Something magical happens when people reach Stage 5. Their results will directly correlate with Stage 5 strategies and efforts…and results will be enormous! As healthy habits become more commonplace in their life, people learn that sustaining healthy habits is actually not as hard or lame as they originally thought. Because body composition starts to change in a meaningful way, and fast, it’s so much easier for peoples thinking and perspective to evolve beyond body composition and into overall health and wellness as well. The MovementLink approach of balancing performance, body composition, joint and tissue health, and overall health and wellness can lay a foundation for making extreme progress in all of these areas simultaneously. All of these things not only spill over into getting people the results they were originally after, but into many unexpected aspects of people’s lives too.

Stage 5 frustrations are inversely related to the person’s willingness to experiment with lifestyle changes. As experimenting with healthy habits increases, frustrations decrease…because healthy habits work and compound with exercise in profound ways.


How to Avoid the Years of Frustration - Just Start with Stage 5

Through all stages 1 through 4, the risks of quitting are high. The risks of quitting when someone is at stage 5 is extremely low.

Almost everyone who has succeeded long term and is happy with their results will be Stage 5. So, if the only way to succeed is to embrace Stage 5, what would the journey look like if someone just started there? Let’s take a quick look at that journey…

Starting with Stage 5 - “I am going to work on building healthy habits consistently into my lifestyle.”

Imagine someone starts experimenting with healthy habits involving sleep, non-exercise activity, nutrition, and exercise. Their exercise journey would just be part of the larger health journey.

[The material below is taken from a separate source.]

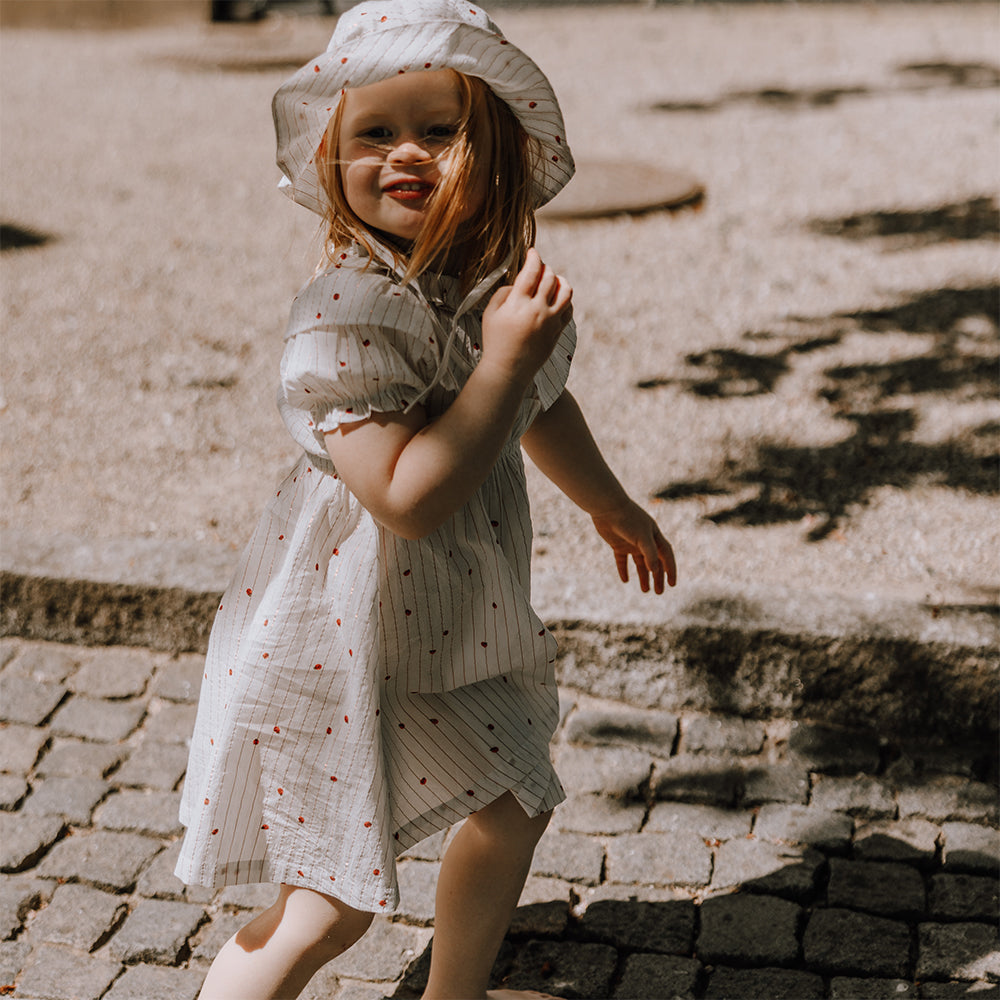 Fustan veror për vajza me dizajn nusepashke në ngjyra të ngrohta. Prerje e lirshme dhe e rehatshme për të gjitha ditët me diell.

Exercise Stage 1 - Starting an Exercise Routine

Beginner gains would be boosted even further and faster, supercharged by the other lifestyle factors. Results would be huge. They may even be enough at this stage to meet the person’s original goals.

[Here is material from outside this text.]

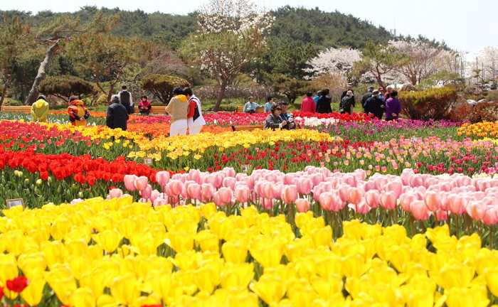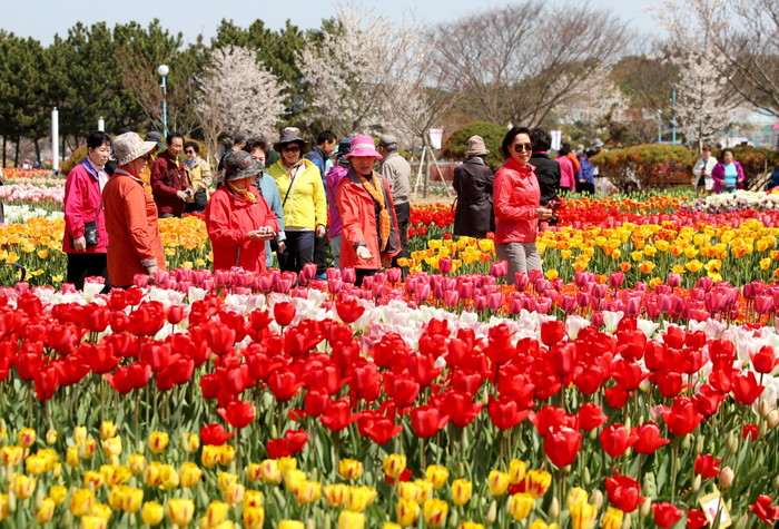 2002년과 2009년 안면도 국제 꽃 박람회가 펼쳐졌던 꽃지 해안공원에서 '태안 세계튤립꽃축제'가 19일 개장하여 많은 관광객들이 관람을 하고 있다.

Exercise Stage 2 - Exercising 3-6 Days a Week

Ultimately, this would be a great place to land. With boosted recovery, the final results from this would almost certainly be what people are looking for…and fast. This exercise stage is enough for anyone, unless you are trying to compete at the highest levels of a sport.

Exercise Stages 3 & 4 - Work on Weaknesses

These are not be necessary to get the original body composition goals people will have. Any targeting of specific areas or weaknesses does not need extra time and can be taken care of as part of normal workouts in stage 2.

Imagine yourself 10 years from now having gotten the results you want. I promise you, if that person is turns out to be real, then they have embraced Stage 5. It is required for success. A few months to a year of constant wins, seeing dramatic progress, and getting the results you’re after compared to years and years of frustration trying to do everything by exercise alone seems like a no brainer choice to me. I hope this helps fast-track your journey. I’m rooting for you!